> **Work to complete**
Keep the images out while you retype all of the data exactly.

> **Supplied material**
↓↓↓

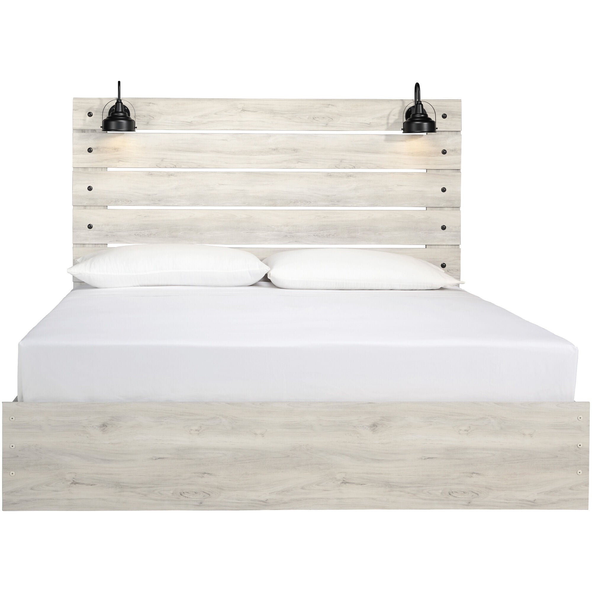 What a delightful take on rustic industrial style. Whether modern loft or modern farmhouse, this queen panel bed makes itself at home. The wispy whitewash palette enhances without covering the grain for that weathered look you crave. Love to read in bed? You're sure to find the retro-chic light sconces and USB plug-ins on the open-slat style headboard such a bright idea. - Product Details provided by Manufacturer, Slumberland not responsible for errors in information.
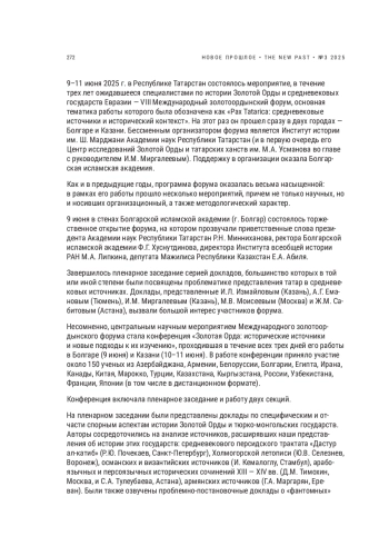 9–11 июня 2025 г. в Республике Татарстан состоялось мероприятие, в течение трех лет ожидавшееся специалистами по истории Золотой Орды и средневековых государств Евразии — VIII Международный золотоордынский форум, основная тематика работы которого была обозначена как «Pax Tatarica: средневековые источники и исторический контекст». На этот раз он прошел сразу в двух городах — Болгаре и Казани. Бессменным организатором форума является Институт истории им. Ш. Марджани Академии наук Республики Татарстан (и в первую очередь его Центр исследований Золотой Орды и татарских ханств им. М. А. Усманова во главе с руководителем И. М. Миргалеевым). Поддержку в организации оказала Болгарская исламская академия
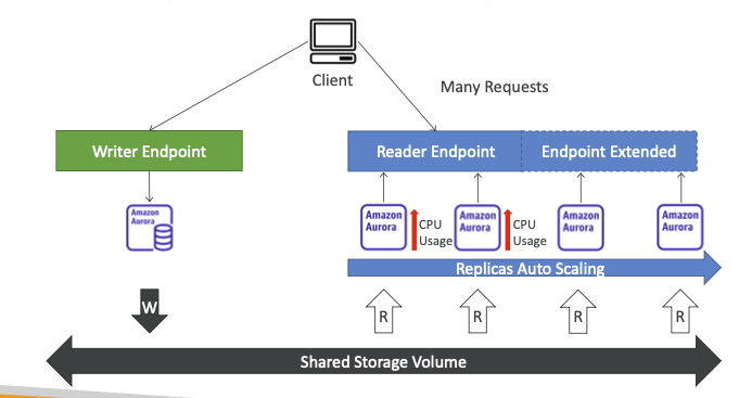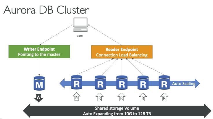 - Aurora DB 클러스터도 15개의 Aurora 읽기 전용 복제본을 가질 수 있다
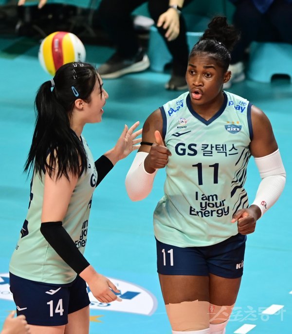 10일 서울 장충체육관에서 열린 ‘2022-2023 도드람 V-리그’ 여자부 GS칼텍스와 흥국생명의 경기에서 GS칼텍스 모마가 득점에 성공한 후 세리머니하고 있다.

↑↑↑

> **Solution to the problem**
 What a delightful take on rustic industrial style. Whether modern loft or modern farmhouse, this queen panel bed makes itself at home. The wispy whitewash palette enhances without covering the grain for that weathered look you crave. Love to read in bed? You're sure to find the retro-chic light sconces and USB plug-ins on the open-slat style headboard such a bright idea. - Product Details provided by Manufacturer, Slumberland not responsible for errors in information.
 9–11 июня 2025 г. в Республике Татарстан состоялось мероприятие, в течение трех лет ожидавшееся специалистами по истории Золотой Орды и средневековых государств Евразии — VIII Международный золотоордынский форум, основная тематика работы которого была обозначена как «Pax Tatarica: средневековые источники и исторический контекст». На этот раз он прошел сразу в двух городах — Болгаре и Казани. Бессменным организатором форума является Институт истории им. Ш. Марджани Академии наук Республики Татарстан (и в первую очередь его Центр исследований Золотой Орды и татарских ханств им. М. А. Усманова во главе с руководителем И. М. Миргалеевым). Поддержку в организации оказала Болгарская исламская академия
 - Aurora DB 클러스터도 15개의 Aurora 읽기 전용 복제본을 가질 수 있다
 10일 서울 장충체육관에서 열린 ‘2022-2023 도드람 V-리그’ 여자부 GS칼텍스와 흥국생명의 경기에서 GS칼텍스 모마가 득점에 성공한 후 세리머니하고 있다.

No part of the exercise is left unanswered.